The strategy to build preventive and detective defences depends on the specific link in the asset that one is trying to protect. The ecosystem for financial transaction not only includes banks and their customers, but also network service providers, IT infrastructure providers, providers of managed services such as data centres, software developers, providers of security solutions and providers of the end-point device which is used for accessing the financial service, including the ATMs which may or may not be bank-owned / managed devices.
The devices which are used to provide the entire ecosystem produce a huge quantity of information and activity logs, which contain crucial information which can throw light on potential attacks, even before the attack takes place. However, the humungous quantity of log data renders it impossible to analyse using conventional outlier detections. Conventional techniques result in considerable false alarms and restrict genuine activity, causing inconvenience and also creating mistrust among the users about the security products and techniques, highlighted Gandhi.
Therefore, the focus has now been shifting to techniques which are not rule-based but having the ability to identify the normal activity patterns and detect the anomalous and potentially harmful activity. Needless to say, these involve machine learning and soft computing techniques. Application of these techniques is expected to generate better hit-rate in terms of identifying threats, without generating a high level of false alarms. As each alarm requires the response and is resource intensive in terms of time, money and manpower, the ability of the expert systems to distinguish the malicious behaviour from and casual digressions from the normal activity pattern will determine the value of these tools in the security infrastructure, mentioned Gandhi.
In addition to the tools, the most important component of the critical infrastructure protection is the skills, experience and alertness of the manpower deployed in this activity. The skill sets required for security are getting diversified from conventional IT 6 skills to investigative skills of a criminal investigator, data scientists having the ability to deal with huge data requirements and with innovative minds to stay one step ahead of the cyber-criminal. As the strength of overall security is only as much as the strength of its individual components, it is necessary that all the stakeholders have to work hand in hand to address the threat to the information systems.

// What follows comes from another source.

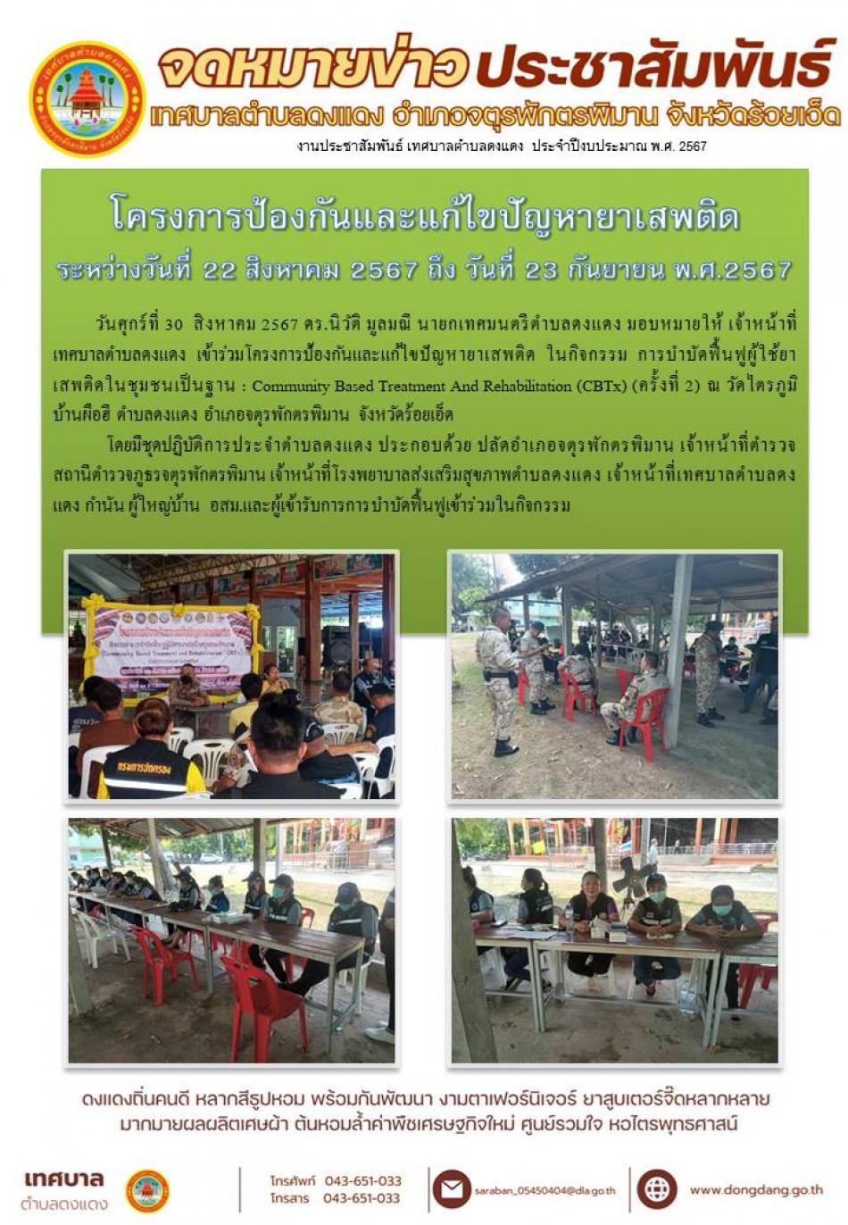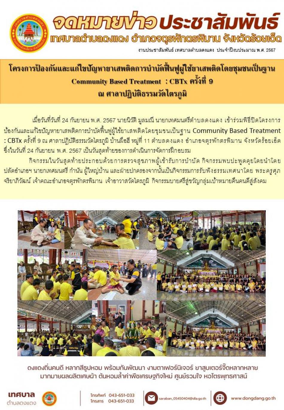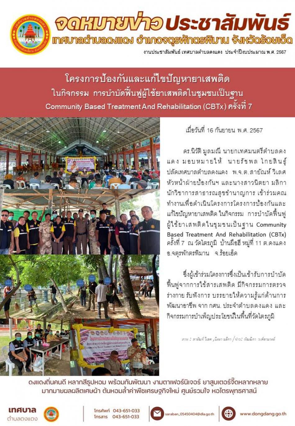 โครงการป้องกันและแก้ไขปัญหายาเสพติด ในกิจกรรม การบำบัดฟื้นฟูผู้ใช้ยาเสพติดในชุมชนเป็นฐาน Community Based Treatment And Rehabilitation (CBTx) ครั้งที่ 7 [16 กันยายน 2567]
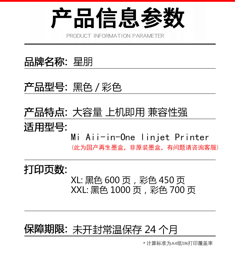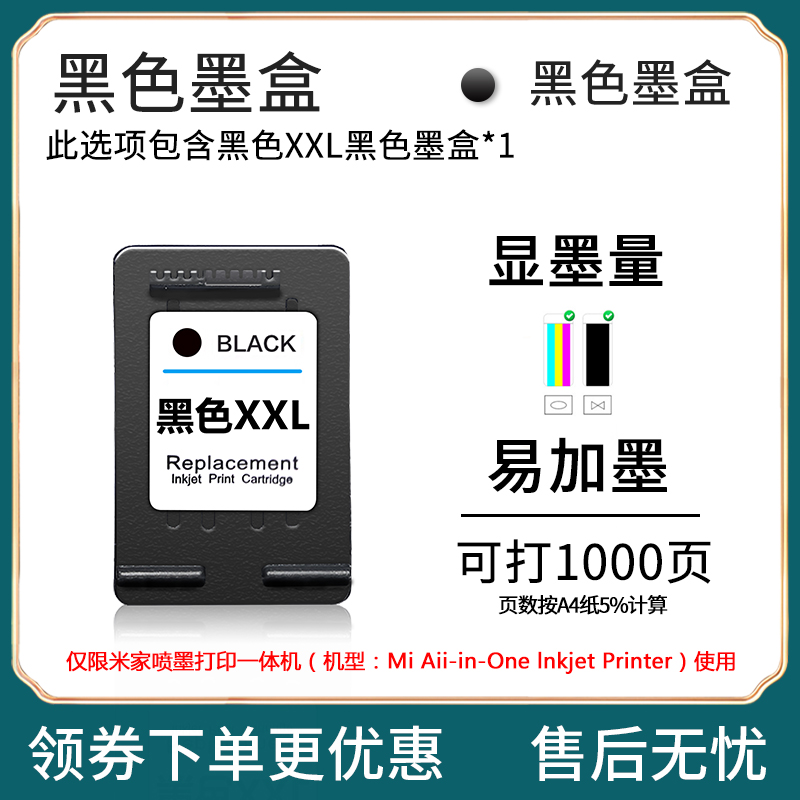 商品名称:星朋适用001小米打印机墨盒米家喷墨打印一体机Mi Aii-in-One lnkjetPrinter黑色彩色大容量墨水盒可加墨家用

The forums such as this provide a great opportunity to interact and understand the role that each one of us has to play and to also ensure that our actions and plans are complementary and not at cross purposes. Cyber Security Preparedness – Five Commandments for safety in banking
In terms of providing a comprehensive framework for IT implementation, we at Reserve Bank have been proactive and follow an approach of consultation and congruence in the security framework. Right from the early days when RBI provided guidance on computerisation, we have been conscious of the role that IT plays in meeting the emerging customer needs and the opportunities and challenges of using technology, including cyber-related aspects.
The Reserve Bank has recently issued on June 2, 2016 a comprehensive set of guidelines for Cyber Security framework in banks. These guidelines built over the earlier work emphasise the importance of having a focused attention to cyber threats and framework for mitigating the threats and to protect the information assets.